One third of the global population is estimated to be latently infected with Mycobacterium tuberculosis (M.tb). We performed a phase 1 randomized, controlled trial of isoniazid preventive therapy (IPT) before re-vaccination with Bacille Calmette-Guerin (BCG) in healthy, tuberculin skin test positive (≥15mm induration), HIV-negative, South African adults.

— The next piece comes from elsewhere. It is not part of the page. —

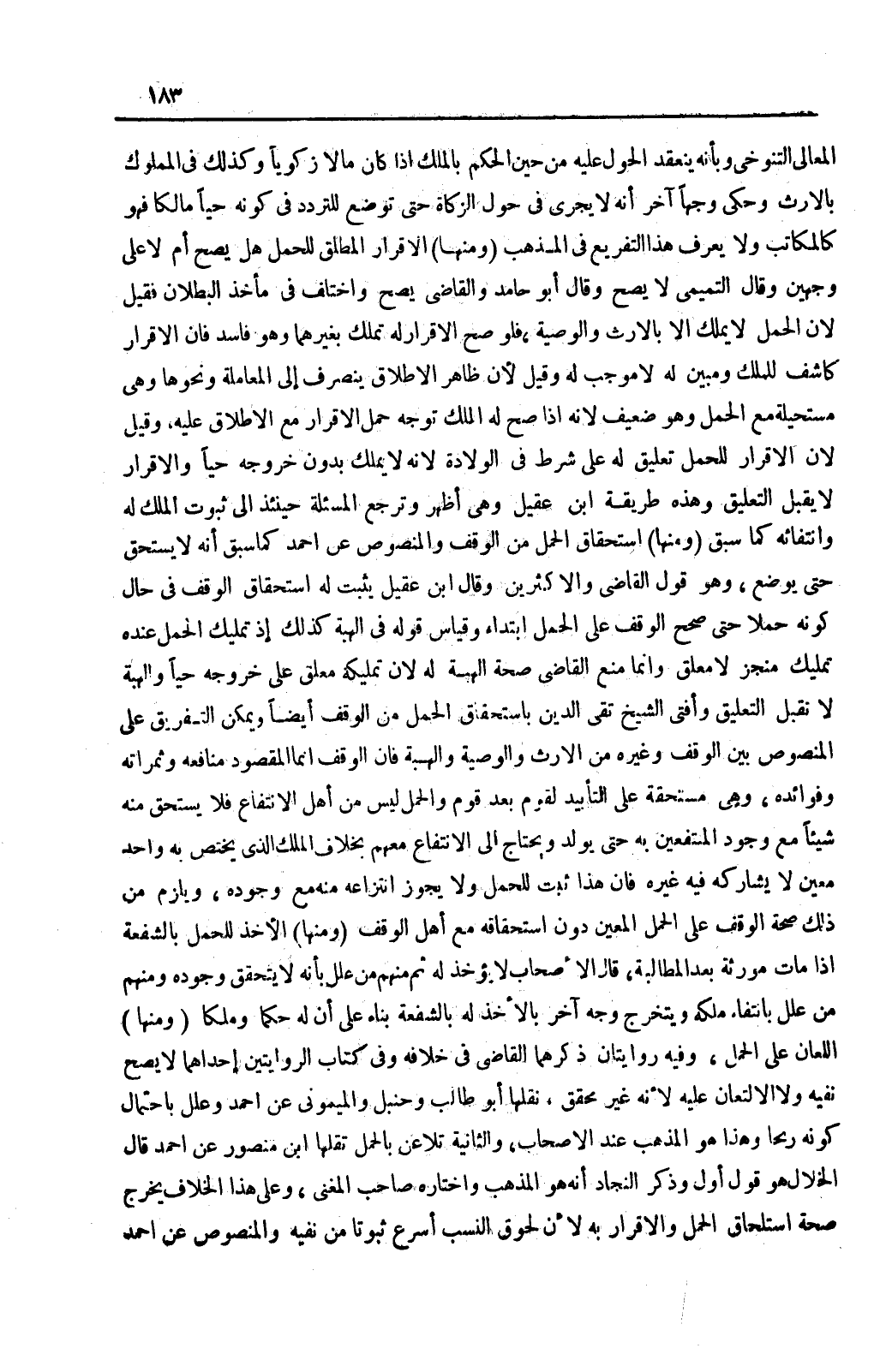 (وَمِنْهَا) اسْتِحْقَاقُ الْحَمْلِ مِنْ الْوَقْفِ وَالْمَنْصُوصُ عَنْ أَحْمَدَ كَمَا سَبَقَ أَنَّهُ لَا يَسْتَحِقُّ حَتَّى يُوضَعَ، وَهُوَ قَوْلُ الْقَاضِي وَالْأَكْثَرِينَ وَقَالَ ابْنُ عَقِيلٍ يَثْبُتُ لَهُ اسْتِحْقَاقُ الْوَقْفِ فِي حَالِ كَوْنِهِ حَمْلًا حَتَّى صَحَّحَ الْوَقْفَ عَلَى الْحَمْلِ ابْتِدَاءً وَقِيَاسُ قَوْلِهِ فِي الْهِبَةِ كَذَلِكَ إذْ تَمْلِيكُ الْحَمْلِ عِنْدَهُ تَمْلِيكٌ مُنْجَزٌ لَا مُعَلَّقٌ وَإِنَّمَا مَنَعَ الْقَاضِي صِحَّةَ الْهِبَةِ لَهُ ; لِأَنَّ تَمْلِيكَهُ مُعَلَّقٌ عَلَى خُرُوجِهِ حَيًّا وَالْهِبَةُ لَا تَقْبَلُ التَّعْلِيقَ وَأَفْتَى الشَّيْخُ تَقِيُّ الدِّينِ بِاسْتِحْقَاقِ الْحَمْلِ مِنْ الْوَقْفِ أَيْضًا وَيُمْكِنُ التَّفْرِيقُ عَلَى الْمَنْصُوصِ بَيْنَ الْوَقْفِ وَغَيْرِهِ مِنْ الْإِرْثِ وَالْوَصِيَّةِ وَالْهِبَةِ فَإِنَّ الْوَقْفَ إنَّمَا الْمَقْصُودُ مَنَافِعُهُ وَثَمَرَاتُهُ وَفَوَائِدُهُ، وَهِيَ مُسْتَحَقَّةٌ عَلَى التَّأْبِيدِ لِقَوْمٍ بَعْدَ قَوْمٍ وَالْحَمْلُ لَيْسَ مِنْ أَهْلِ الِانْتِفَاعِ فَلَا يَسْتَحِقُّ مِنْهُ شَيْئًا مَعَ وُجُودِ الْمُنْتَفِعِينَ بِهِ حَتَّى يُولَدَ وَيَحْتَاجَ إلَى الِانْتِفَاعِ مَعَهُمْ بِخِلَافِ الْمِلْكِ الَّذِي يَخْتَصُّ بِهِ وَاحِدٌ مُعَيَّنٌ لَا يُشَارِكُهُ فِيهِ غَيْرُهُ، فَإِنَّ هَذَا ثَبَتَ لِلْحَمْلِ وَلَا يَجُوزُ انْتِزَاعُهُ مِنْهُ مَعَ وُجُودِهِ، وَيَلْزَمُ مِنْ ذَلِكَ صِحَّةُ الْوَقْفِ عَلَى الْحَمْلِ الْمُعَيَّنِ دُونَ اسْتِحْقَاقِهِ مَعَ أَهْلِ الْوَقْفِ.

We hypothesised that pre-clearance of latent bacilli with IPT modulates BCG immunogenicity following re-vaccination.Frequencies and co-expression of IFNγ, TNFα, IL-2, IL-17, and/or IL-22 in CD4, and IFNγ-expressing CD8, γδ T, CD3+CD56+ NKT-like and NK cells in response to BCG were measured using whole blood intracellular cytokine staining and flow cytometry.We analyzed 72 participants who were BCG re-vaccinated after IPT (n=33) or without prior IPT (n=39). IPT had little effect on frequencies or cytokine co-expression patterns of M.tb- or BCG-specific responses. Re-vaccination transiently boosted BCG-specific Th1 cytokine-expressing CD4, CD8 and γδ T cells. Despite high frequencies of IFNγ-expressing BCG-reactive CD3+CD56+ NKT-like, CD3CD56dim and CD3CD56hi NK cells at baseline, BCG re-vaccination boosted these responses, which remained elevated up to one year after re-vaccination. Such BCG-reactive memory NK cells were induced by BCG vaccination in infants, while in vitro IFN-γ expression by NK cells upon BCG stimulation was dependent on IL-12 and IL-18.Our data suggest that isoniazid pre-clearance of M.tb bacilli has little effect on the magnitude, persistence or functional attributes of lymphocyte responses boosted by BCG re-vaccination. Our study highlights surprising durability of BCG-boosted memory NKT-like and NK cells expressing anti-mycobacterial effector molecules, which may be novel targets for TB vaccines.
机译:据估计,全球人口的三分之一被结核分枝杆菌(M.tb)潜在感染。在健康,结核菌素皮肤试验阳性(≥15mm硬结),HIV阴性,南非成年人的健康结核菌素皮肤试验重新接种之前,我们进行了异烟肼预防治疗(IPT)的1期随机对照试验,然后再次接种Bacille Calmette-Guerin(BCG)。我们假设用IPT预先清除潜伏细菌会在重新接种疫苗后调节BCG免疫原性.CD4中IFNγ,TNFα,IL-2,IL-17和/或IL-22的频率和共表达,以及IFNγ表达使用全血细胞内细胞因子染色和流式细胞术检测CD8,γδT,CD3 + CD56 + NKT样和NK细胞对BCG的反应。我们分析了72名参与者在IPT后(n = 33)或未进行IPT之前(n = 39)再次接种BCG。 IPT对M.tb或BCG特异性反应的频率或细胞因子共表达模式影响很小。重新接种可暂时增强表达BCG的表达Th1细胞因子的CD4,CD8和γδT细胞。尽管表达IFNγ的BCG反应性CD3 + CD56 + NKT频率很高,但CD3 - CD56 dim 和基线时的CD3 - CD56 hi NK细胞,卡介苗重新接种可增强这些反应,并在再次接种后长达一年。婴儿接种BCG疫苗可诱导此类BCG反应性记忆NK细胞,而BCG刺激后NK细胞的体外IFN-γ表达依赖于IL-12和IL-18。结核杆菌对卡介苗重新接种后增强的淋巴细胞反应的强度,持久性或功能特性影响很小。我们的研究强调了表达抗分枝杆菌效应分子的BCG增强的记忆NKT样和NK细胞令人惊讶的持久性,这可能是结核病疫苗的新靶标。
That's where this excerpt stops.